* [Work to complete]:
Repeat every line of the data exactly; the pictures stay out.
───── Available data ─────
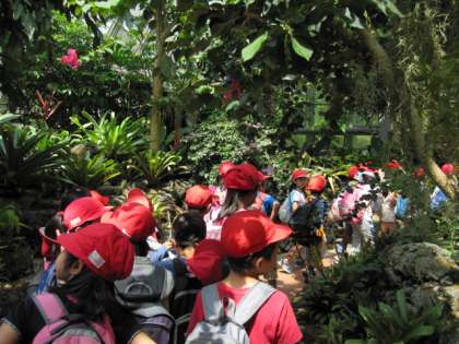 お天気にも恵まれ、元気に植物園に行ってきました!!グループごとにウォークラリーをしたり、温室を見学したり、園内の自然を楽しみました。ウォークラリーでは自分たちで地図を見ながら、各ポイントに行ってクイズを解いていきました。「水車はとけいまわりだ!」「ふん水は、どこにあるんやろ。」グループで協力して楽しく活動することができました。
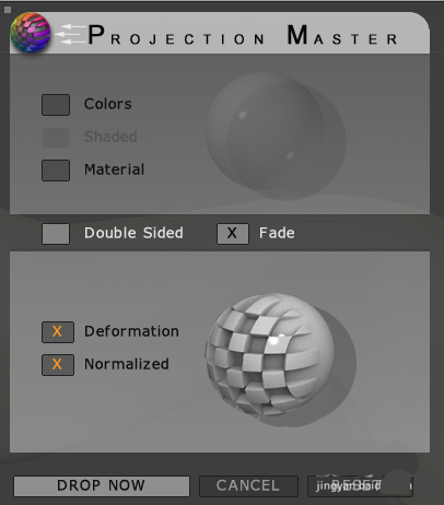 3、点击“Projection Master”按钮,弹出投影大师设置面板,取消默认开启颜色的选项,勾选“Deformation变形”按钮。当绘制模型的表皮细节时,可以激活“Normalized”选项和“Fade”选项,最后点击“DROP NOW”按钮,将模型脱落。此时的模型已经被脱落到画布上了,下面对模型进行细节的绘制。
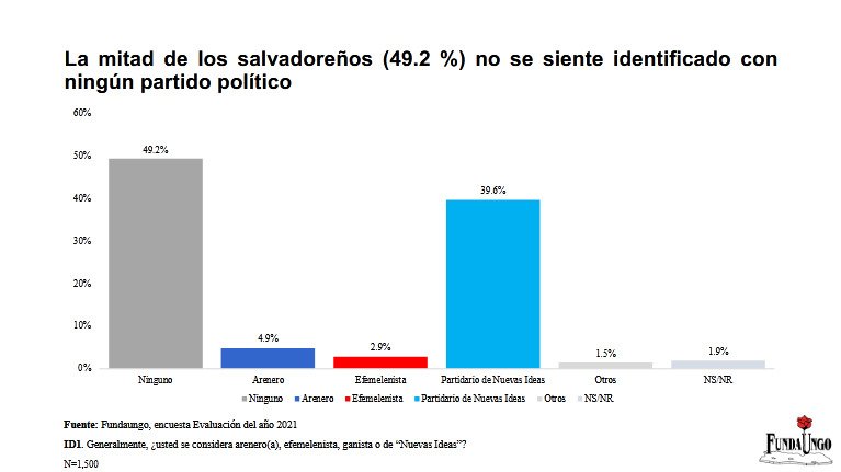 En cuanto a la afinidad partidaria de la población, el porcentaje más alto fue del 49.2% quienes indicaron no sentirse identificados con ningún partido político; el 36.6% dijo que se identifica con Nuevas Ideas; un 4.9%, con el partido ARENA, y el 2.9% FMLN.
─────
* [Answer to this problem]:
 お天気にも恵まれ、元気に植物園に行ってきました!!グループごとにウォークラリーをしたり、温室を見学したり、園内の自然を楽しみました。ウォークラリーでは自分たちで地図を見ながら、各ポイントに行ってクイズを解いていきました。「水車はとけいまわりだ!」「ふん水は、どこにあるんやろ。」グループで協力して楽しく活動することができました。
 3、点击“Projection Master”按钮,弹出投影大师设置面板,取消默认开启颜色的选项,勾选“Deformation变形”按钮。当绘制模型的表皮细节时,可以激活“Normalized”选项和“Fade”选项,最后点击“DROP NOW”按钮,将模型脱落。此时的模型已经被脱落到画布上了,下面对模型进行细节的绘制。
 En cuanto a la afinidad partidaria de la población, el porcentaje más alto fue del 49.2% quienes indicaron no sentirse identificados con ningún partido político; el 36.6% dijo que se identifica con Nuevas Ideas; un 4.9%, con el partido ARENA, y el 2.9% FMLN.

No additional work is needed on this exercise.